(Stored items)

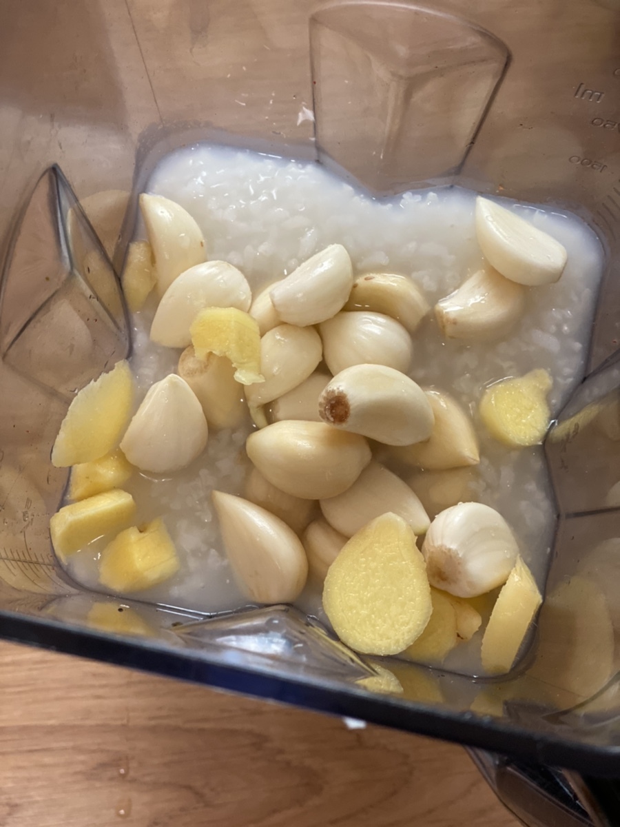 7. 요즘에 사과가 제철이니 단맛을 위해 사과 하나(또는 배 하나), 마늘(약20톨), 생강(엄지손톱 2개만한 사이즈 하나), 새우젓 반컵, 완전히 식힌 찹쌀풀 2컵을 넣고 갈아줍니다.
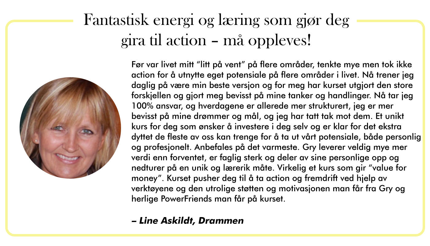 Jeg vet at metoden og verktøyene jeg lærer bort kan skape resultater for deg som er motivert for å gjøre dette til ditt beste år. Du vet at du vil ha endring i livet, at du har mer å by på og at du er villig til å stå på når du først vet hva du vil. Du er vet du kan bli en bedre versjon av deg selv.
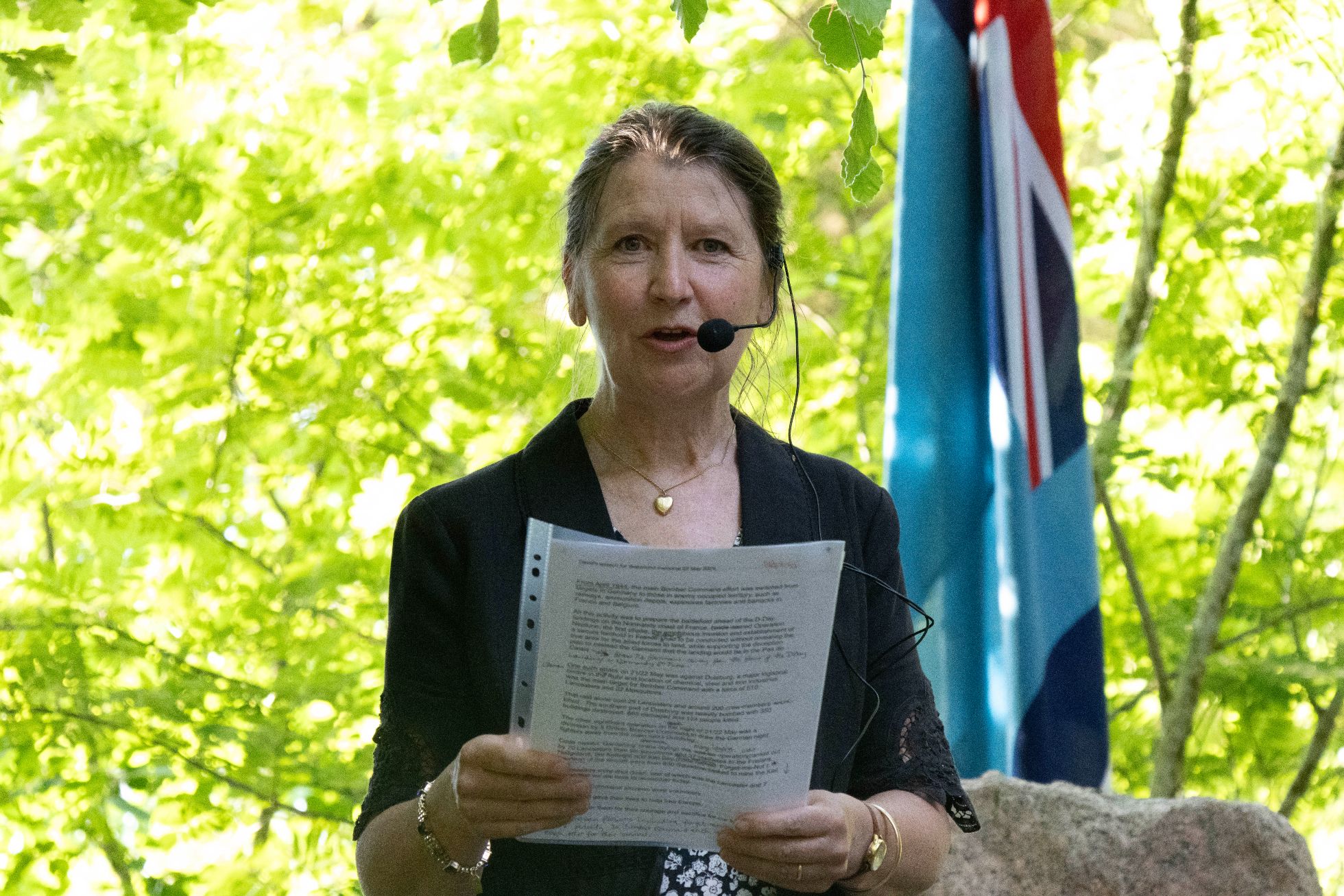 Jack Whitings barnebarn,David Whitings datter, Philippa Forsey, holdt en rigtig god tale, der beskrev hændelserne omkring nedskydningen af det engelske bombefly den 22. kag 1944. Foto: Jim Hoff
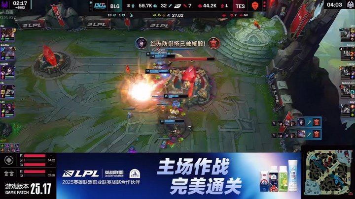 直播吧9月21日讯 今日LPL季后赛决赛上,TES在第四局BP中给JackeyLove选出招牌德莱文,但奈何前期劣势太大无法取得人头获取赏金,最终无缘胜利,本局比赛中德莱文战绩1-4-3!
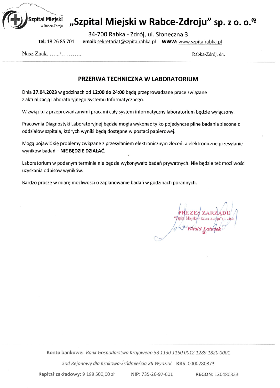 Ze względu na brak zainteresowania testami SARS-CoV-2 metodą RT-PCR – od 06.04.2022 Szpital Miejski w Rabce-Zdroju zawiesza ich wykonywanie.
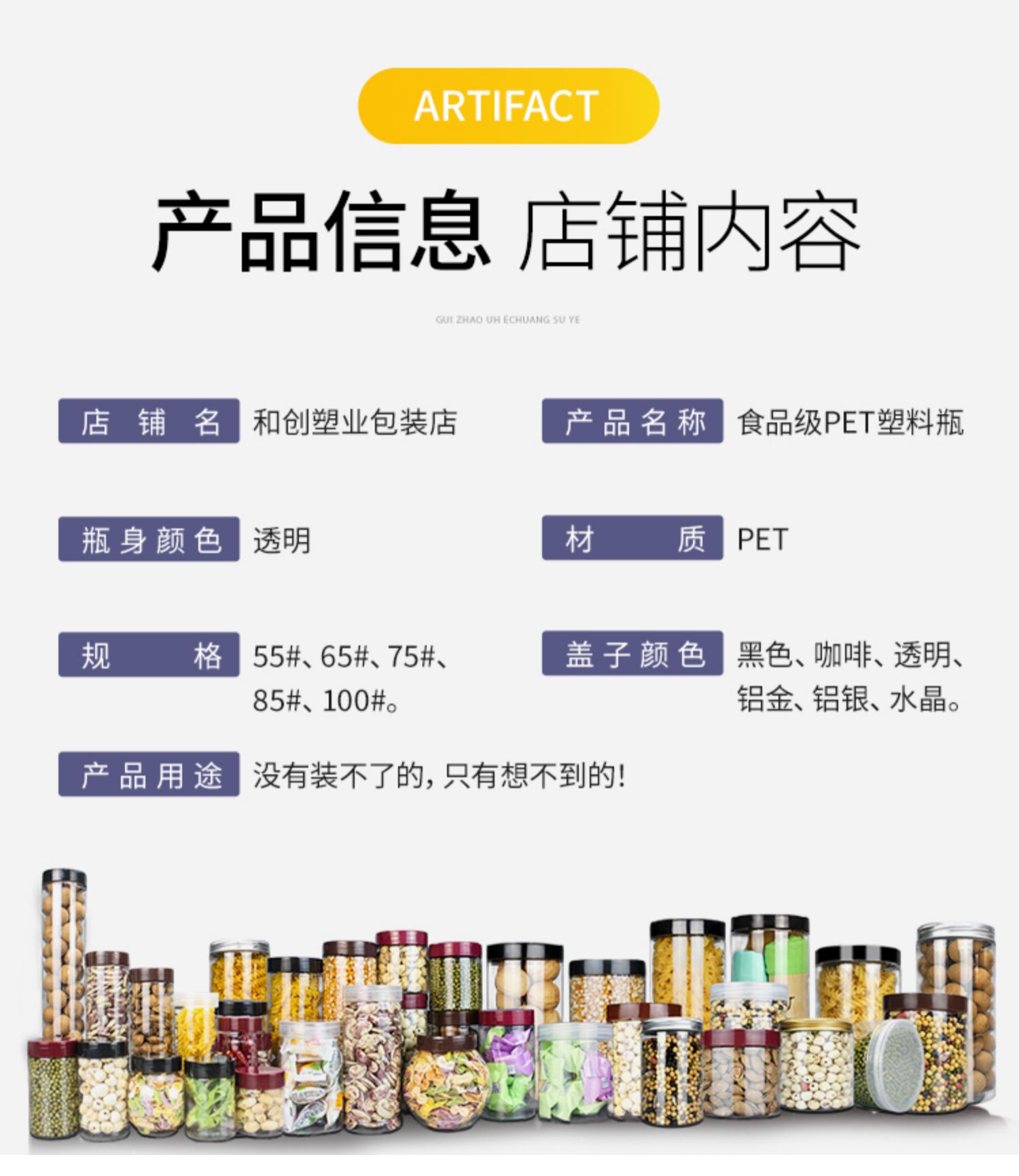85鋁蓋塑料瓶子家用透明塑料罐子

**YOUR TASK:** In the answer, the entries should be restated verbatim, with all pictures omitted.

**ANSWER FOR THE TASK:**
 7. 요즘에 사과가 제철이니 단맛을 위해 사과 하나(또는 배 하나), 마늘(약20톨), 생강(엄지손톱 2개만한 사이즈 하나), 새우젓 반컵, 완전히 식힌 찹쌀풀 2컵을 넣고 갈아줍니다.
 Jeg vet at metoden og verktøyene jeg lærer bort kan skape resultater for deg som er motivert for å gjøre dette til ditt beste år. Du vet at du vil ha endring i livet, at du har mer å by på og at du er villig til å stå på når du først vet hva du vil. Du er vet du kan bli en bedre versjon av deg selv.
 Jack Whitings barnebarn,David Whitings datter, Philippa Forsey, holdt en rigtig god tale, der beskrev hændelserne omkring nedskydningen af det engelske bombefly den 22. kag 1944. Foto: Jim Hoff
 直播吧9月21日讯 今日LPL季后赛决赛上,TES在第四局BP中给JackeyLove选出招牌德莱文,但奈何前期劣势太大无法取得人头获取赏金,最终无缘胜利,本局比赛中德莱文战绩1-4-3!
 Ze względu na brak zainteresowania testami SARS-CoV-2 metodą RT-PCR – od 06.04.2022 Szpital Miejski w Rabce-Zdroju zawiesza ich wykonywanie.
85鋁蓋塑料瓶子家用透明塑料罐子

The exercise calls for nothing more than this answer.